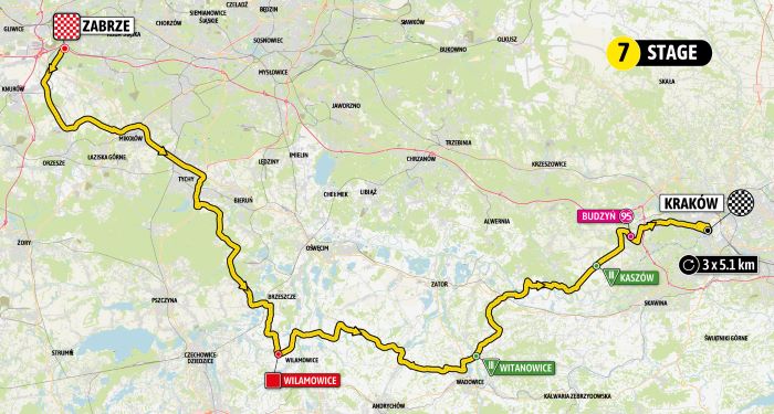 Trasa etapu siódmego zakończy się na krakowskich Błoniach, gdzie zostaną udekorowani najlepsi uczestnicy wyścigu.
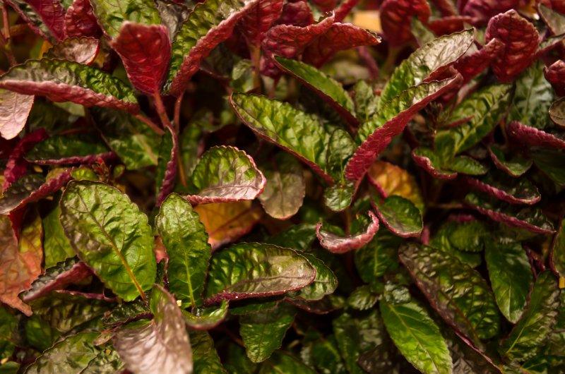 A close-up view of a plant with deep red and green leaves.
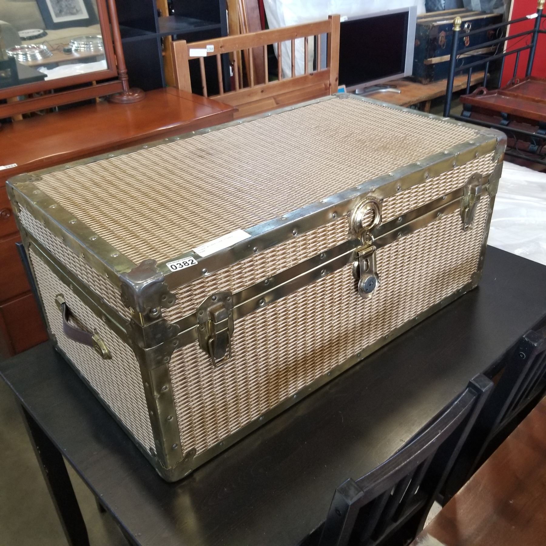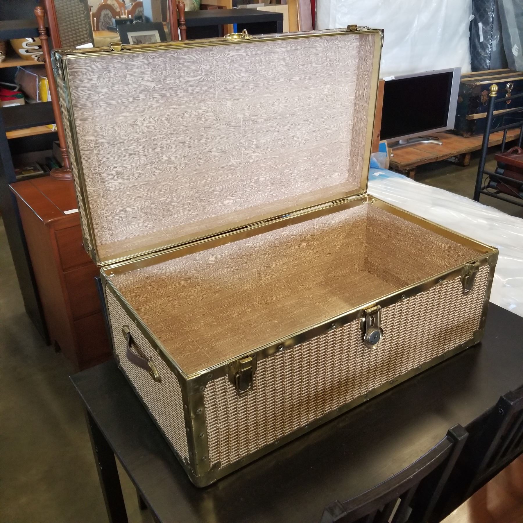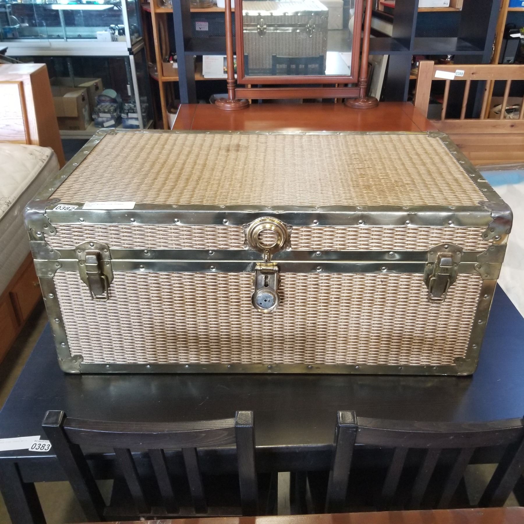 VINTAGE WICKER LOOK STORAGE TRUNK

##############################

◆ Exercise prompt ◆
Retype the listing exactly. Leave out its pictures.

◆ Response area ◆
 Trasa etapu siódmego zakończy się na krakowskich Błoniach, gdzie zostaną udekorowani najlepsi uczestnicy wyścigu.
 A close-up view of a plant with deep red and green leaves.
 VINTAGE WICKER LOOK STORAGE TRUNK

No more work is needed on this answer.